• [Work instructions]: Each image should be skipped while the records are restated word for word.

• [Data supplied]:
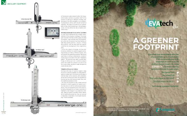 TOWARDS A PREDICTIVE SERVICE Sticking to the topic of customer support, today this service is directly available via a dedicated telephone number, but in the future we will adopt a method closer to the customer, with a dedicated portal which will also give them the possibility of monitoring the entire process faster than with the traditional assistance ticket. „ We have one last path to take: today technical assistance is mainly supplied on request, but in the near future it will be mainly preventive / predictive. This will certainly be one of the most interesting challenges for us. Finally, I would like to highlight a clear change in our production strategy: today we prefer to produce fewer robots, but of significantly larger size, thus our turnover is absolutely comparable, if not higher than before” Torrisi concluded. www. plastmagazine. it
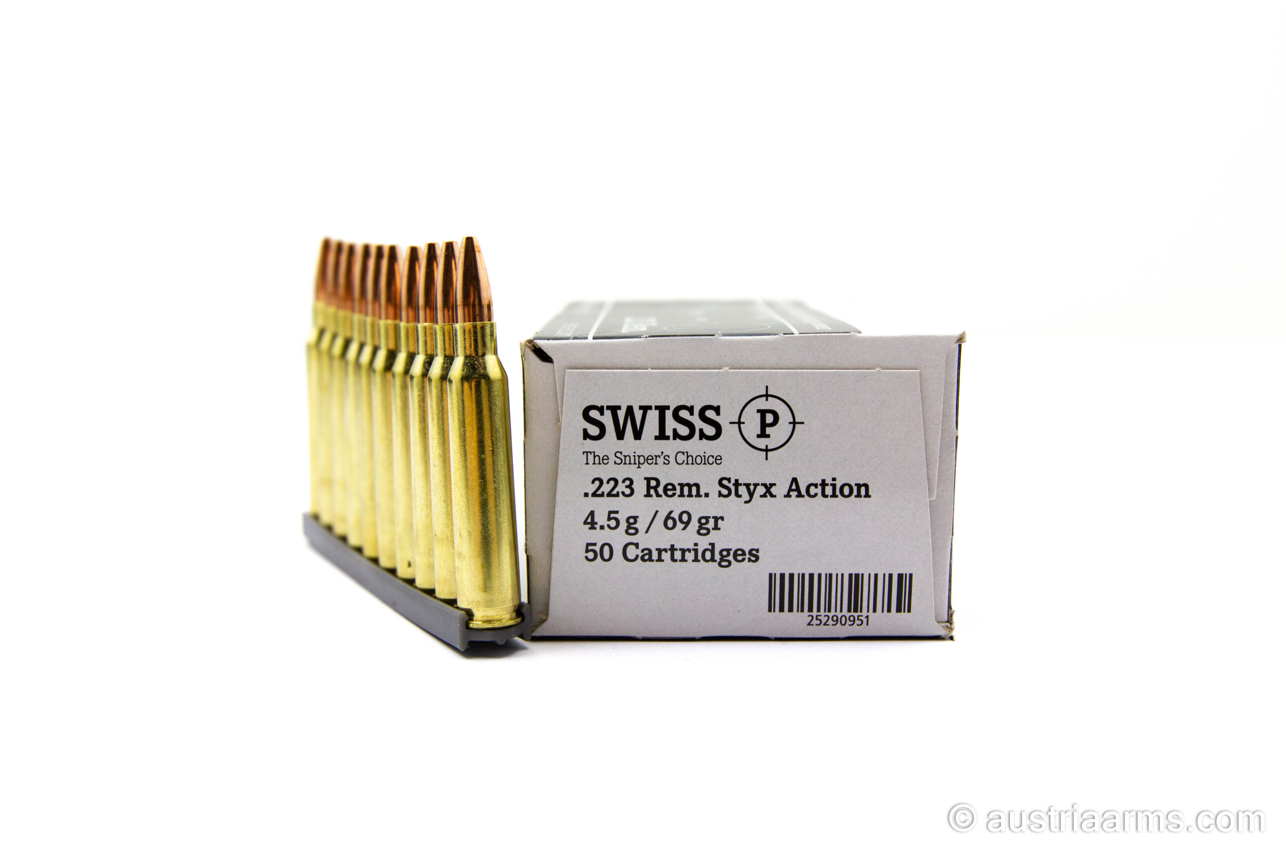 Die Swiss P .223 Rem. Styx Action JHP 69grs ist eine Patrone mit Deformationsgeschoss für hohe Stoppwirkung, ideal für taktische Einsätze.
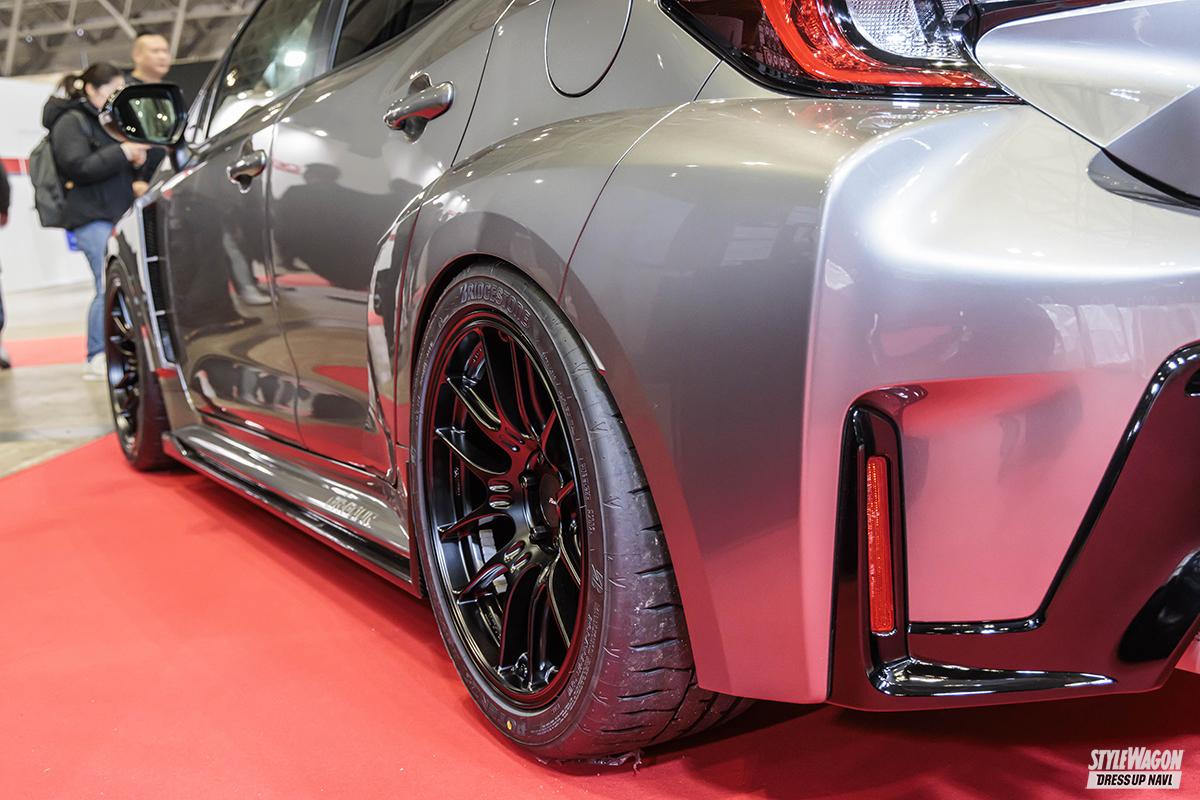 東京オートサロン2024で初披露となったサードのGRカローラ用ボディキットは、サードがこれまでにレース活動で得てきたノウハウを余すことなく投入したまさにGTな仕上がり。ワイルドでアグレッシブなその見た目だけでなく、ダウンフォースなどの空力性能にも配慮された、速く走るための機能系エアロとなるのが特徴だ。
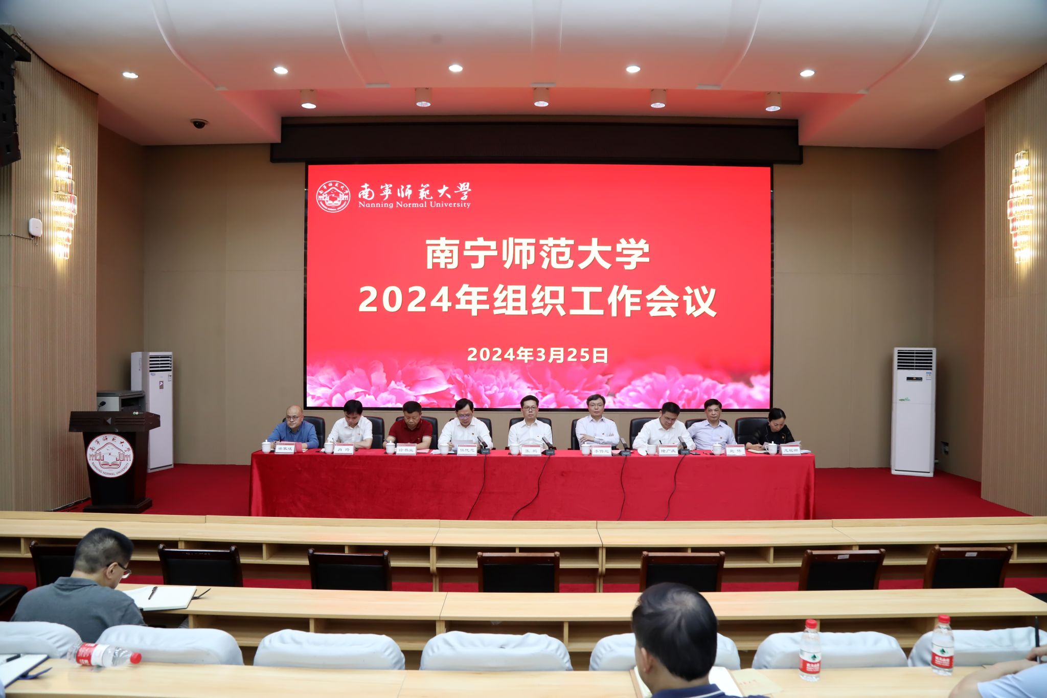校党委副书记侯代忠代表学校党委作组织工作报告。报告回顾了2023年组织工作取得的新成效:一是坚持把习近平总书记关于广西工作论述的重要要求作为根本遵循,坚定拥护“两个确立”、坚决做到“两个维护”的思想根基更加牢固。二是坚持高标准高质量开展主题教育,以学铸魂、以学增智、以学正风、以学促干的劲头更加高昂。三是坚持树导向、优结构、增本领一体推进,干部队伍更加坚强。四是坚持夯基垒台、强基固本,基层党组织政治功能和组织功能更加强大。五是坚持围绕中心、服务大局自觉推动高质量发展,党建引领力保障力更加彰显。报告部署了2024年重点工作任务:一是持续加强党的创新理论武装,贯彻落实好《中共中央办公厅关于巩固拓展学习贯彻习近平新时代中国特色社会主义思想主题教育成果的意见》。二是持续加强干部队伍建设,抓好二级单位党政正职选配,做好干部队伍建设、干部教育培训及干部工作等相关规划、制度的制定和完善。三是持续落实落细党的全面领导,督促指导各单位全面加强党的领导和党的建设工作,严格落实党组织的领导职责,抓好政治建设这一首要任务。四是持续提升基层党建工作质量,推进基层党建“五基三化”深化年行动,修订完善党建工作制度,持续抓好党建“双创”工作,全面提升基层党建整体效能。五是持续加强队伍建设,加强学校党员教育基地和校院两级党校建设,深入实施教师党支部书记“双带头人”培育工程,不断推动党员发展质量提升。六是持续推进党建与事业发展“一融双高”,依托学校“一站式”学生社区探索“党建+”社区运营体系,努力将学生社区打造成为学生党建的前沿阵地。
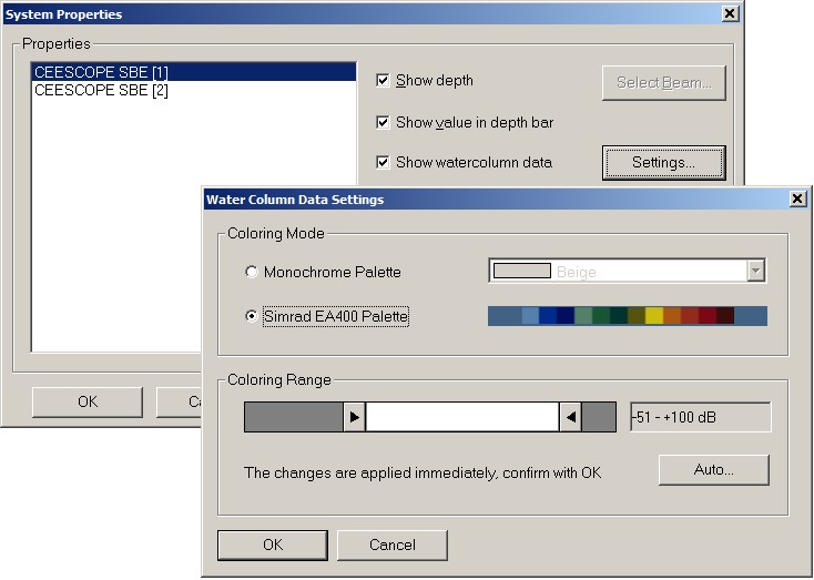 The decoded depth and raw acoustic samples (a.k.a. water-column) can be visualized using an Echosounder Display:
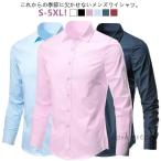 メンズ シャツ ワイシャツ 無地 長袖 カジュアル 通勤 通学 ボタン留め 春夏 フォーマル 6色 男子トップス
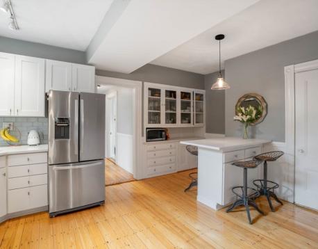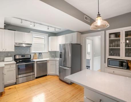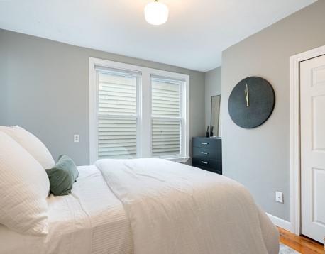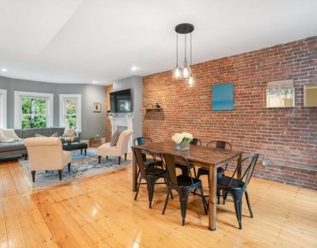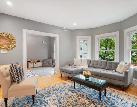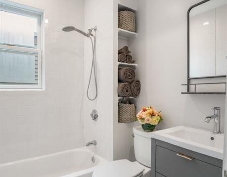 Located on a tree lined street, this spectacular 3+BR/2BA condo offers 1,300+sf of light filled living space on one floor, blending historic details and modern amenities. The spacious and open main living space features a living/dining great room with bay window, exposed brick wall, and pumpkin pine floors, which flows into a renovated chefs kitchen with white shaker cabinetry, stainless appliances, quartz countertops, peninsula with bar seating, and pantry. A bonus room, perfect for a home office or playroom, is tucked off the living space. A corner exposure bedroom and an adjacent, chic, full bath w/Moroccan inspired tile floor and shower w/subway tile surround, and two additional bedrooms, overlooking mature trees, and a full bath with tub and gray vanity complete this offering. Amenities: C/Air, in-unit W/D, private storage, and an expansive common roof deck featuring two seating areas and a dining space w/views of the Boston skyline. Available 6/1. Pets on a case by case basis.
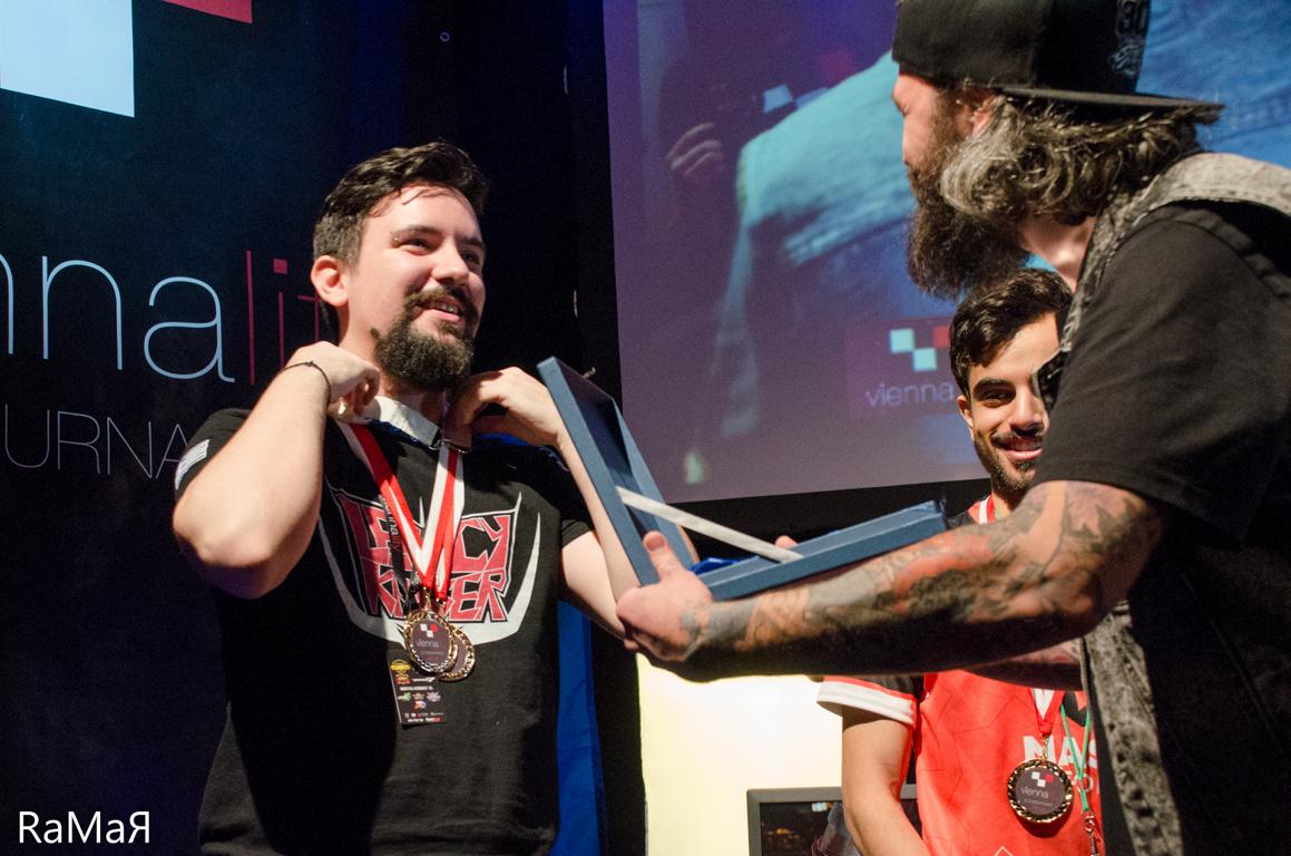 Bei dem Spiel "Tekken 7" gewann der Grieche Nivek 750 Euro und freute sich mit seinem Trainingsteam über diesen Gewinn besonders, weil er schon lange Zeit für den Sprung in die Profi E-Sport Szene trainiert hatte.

• [Task response]:
 TOWARDS A PREDICTIVE SERVICE Sticking to the topic of customer support, today this service is directly available via a dedicated telephone number, but in the future we will adopt a method closer to the customer, with a dedicated portal which will also give them the possibility of monitoring the entire process faster than with the traditional assistance ticket. „ We have one last path to take: today technical assistance is mainly supplied on request, but in the near future it will be mainly preventive / predictive. This will certainly be one of the most interesting challenges for us. Finally, I would like to highlight a clear change in our production strategy: today we prefer to produce fewer robots, but of significantly larger size, thus our turnover is absolutely comparable, if not higher than before” Torrisi concluded. www. plastmagazine. it
 Die Swiss P .223 Rem. Styx Action JHP 69grs ist eine Patrone mit Deformationsgeschoss für hohe Stoppwirkung, ideal für taktische Einsätze.
 東京オートサロン2024で初披露となったサードのGRカローラ用ボディキットは、サードがこれまでにレース活動で得てきたノウハウを余すことなく投入したまさにGTな仕上がり。ワイルドでアグレッシブなその見た目だけでなく、ダウンフォースなどの空力性能にも配慮された、速く走るための機能系エアロとなるのが特徴だ。
校党委副书记侯代忠代表学校党委作组织工作报告。报告回顾了2023年组织工作取得的新成效:一是坚持把习近平总书记关于广西工作论述的重要要求作为根本遵循,坚定拥护“两个确立”、坚决做到“两个维护”的思想根基更加牢固。二是坚持高标准高质量开展主题教育,以学铸魂、以学增智、以学正风、以学促干的劲头更加高昂。三是坚持树导向、优结构、增本领一体推进,干部队伍更加坚强。四是坚持夯基垒台、强基固本,基层党组织政治功能和组织功能更加强大。五是坚持围绕中心、服务大局自觉推动高质量发展,党建引领力保障力更加彰显。报告部署了2024年重点工作任务:一是持续加强党的创新理论武装,贯彻落实好《中共中央办公厅关于巩固拓展学习贯彻习近平新时代中国特色社会主义思想主题教育成果的意见》。二是持续加强干部队伍建设,抓好二级单位党政正职选配,做好干部队伍建设、干部教育培训及干部工作等相关规划、制度的制定和完善。三是持续落实落细党的全面领导,督促指导各单位全面加强党的领导和党的建设工作,严格落实党组织的领导职责,抓好政治建设这一首要任务。四是持续提升基层党建工作质量,推进基层党建“五基三化”深化年行动,修订完善党建工作制度,持续抓好党建“双创”工作,全面提升基层党建整体效能。五是持续加强队伍建设,加强学校党员教育基地和校院两级党校建设,深入实施教师党支部书记“双带头人”培育工程,不断推动党员发展质量提升。六是持续推进党建与事业发展“一融双高”,依托学校“一站式”学生社区探索“党建+”社区运营体系,努力将学生社区打造成为学生党建的前沿阵地。
 The decoded depth and raw acoustic samples (a.k.a. water-column) can be visualized using an Echosounder Display:
 メンズ シャツ ワイシャツ 無地 長袖 カジュアル 通勤 通学 ボタン留め 春夏 フォーマル 6色 男子トップス
 Located on a tree lined street, this spectacular 3+BR/2BA condo offers 1,300+sf of light filled living space on one floor, blending historic details and modern amenities. The spacious and open main living space features a living/dining great room with bay window, exposed brick wall, and pumpkin pine floors, which flows into a renovated chefs kitchen with white shaker cabinetry, stainless appliances, quartz countertops, peninsula with bar seating, and pantry. A bonus room, perfect for a home office or playroom, is tucked off the living space. A corner exposure bedroom and an adjacent, chic, full bath w/Moroccan inspired tile floor and shower w/subway tile surround, and two additional bedrooms, overlooking mature trees, and a full bath with tub and gray vanity complete this offering. Amenities: C/Air, in-unit W/D, private storage, and an expansive common roof deck featuring two seating areas and a dining space w/views of the Boston skyline. Available 6/1. Pets on a case by case basis.
 Bei dem Spiel "Tekken 7" gewann der Grieche Nivek 750 Euro und freute sich mit seinem Trainingsteam über diesen Gewinn besonders, weil er schon lange Zeit für den Sprung in die Profi E-Sport Szene trainiert hatte.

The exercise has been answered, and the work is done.